▶ [HOW TO COMPLETE THIS TASK]
What should be copied is the stretch of entries below from the line with "最后,校团委黄杜娟老师向参会" up to and including the line with "Edelstahl LAS3-Schalter mit", exactly and without images.

▶ [WORKING DATA]
########

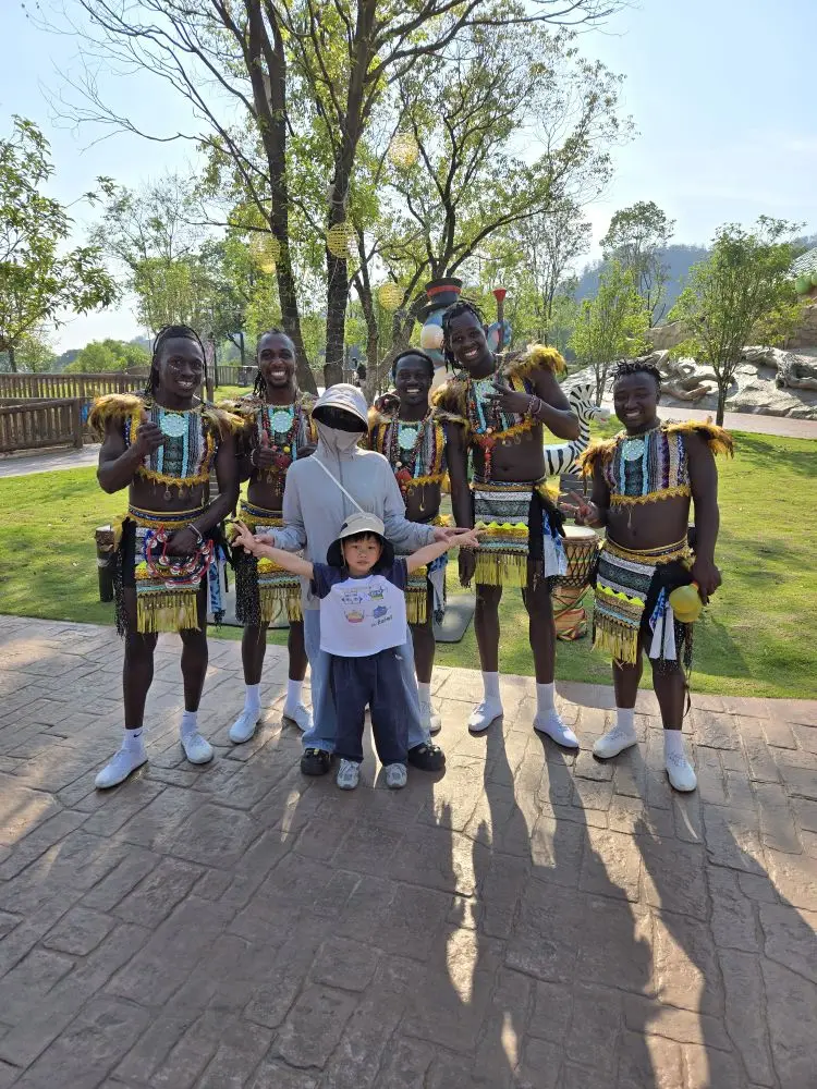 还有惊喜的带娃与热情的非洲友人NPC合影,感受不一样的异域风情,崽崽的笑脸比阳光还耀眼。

########

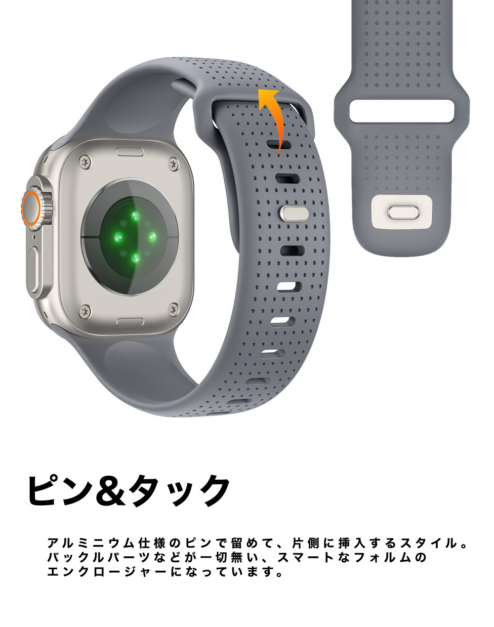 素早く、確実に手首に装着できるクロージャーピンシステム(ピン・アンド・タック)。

########

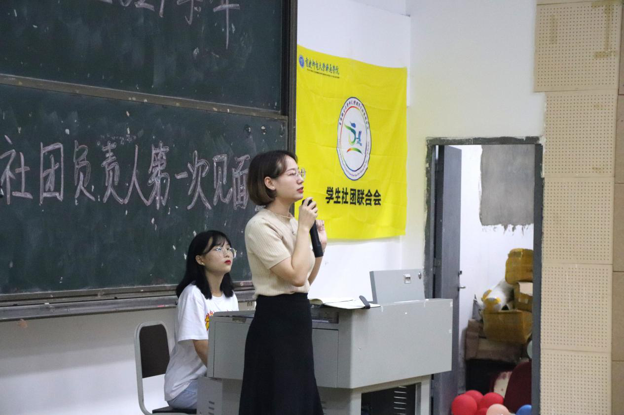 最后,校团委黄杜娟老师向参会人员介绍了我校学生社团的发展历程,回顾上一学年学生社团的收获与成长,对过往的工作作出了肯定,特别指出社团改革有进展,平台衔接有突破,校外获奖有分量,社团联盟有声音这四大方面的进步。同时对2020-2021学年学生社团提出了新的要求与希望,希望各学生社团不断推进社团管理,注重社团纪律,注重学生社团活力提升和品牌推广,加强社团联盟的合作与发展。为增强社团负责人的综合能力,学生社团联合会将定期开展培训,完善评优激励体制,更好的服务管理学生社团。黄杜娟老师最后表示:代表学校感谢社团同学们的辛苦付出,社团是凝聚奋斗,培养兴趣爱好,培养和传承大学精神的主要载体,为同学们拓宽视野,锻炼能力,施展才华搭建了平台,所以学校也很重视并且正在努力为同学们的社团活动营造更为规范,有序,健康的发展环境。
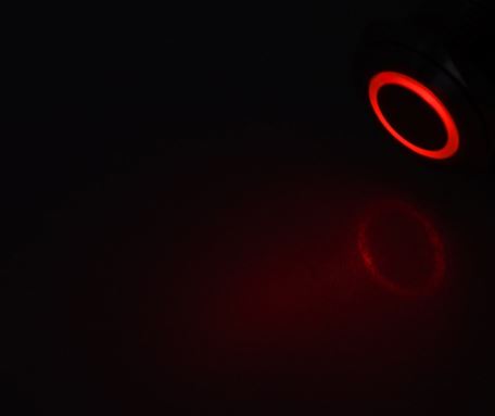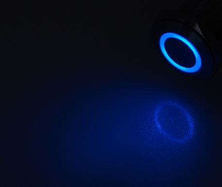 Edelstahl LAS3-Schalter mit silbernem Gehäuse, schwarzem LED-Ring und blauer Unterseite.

########

▶ [REPLY TO THE TASK]
 最后,校团委黄杜娟老师向参会人员介绍了我校学生社团的发展历程,回顾上一学年学生社团的收获与成长,对过往的工作作出了肯定,特别指出社团改革有进展,平台衔接有突破,校外获奖有分量,社团联盟有声音这四大方面的进步。同时对2020-2021学年学生社团提出了新的要求与希望,希望各学生社团不断推进社团管理,注重社团纪律,注重学生社团活力提升和品牌推广,加强社团联盟的合作与发展。为增强社团负责人的综合能力,学生社团联合会将定期开展培训,完善评优激励体制,更好的服务管理学生社团。黄杜娟老师最后表示:代表学校感谢社团同学们的辛苦付出,社团是凝聚奋斗,培养兴趣爱好,培养和传承大学精神的主要载体,为同学们拓宽视野,锻炼能力,施展才华搭建了平台,所以学校也很重视并且正在努力为同学们的社团活动营造更为规范,有序,健康的发展环境。
 Edelstahl LAS3-Schalter mit silbernem Gehäuse, schwarzem LED-Ring und blauer Unterseite.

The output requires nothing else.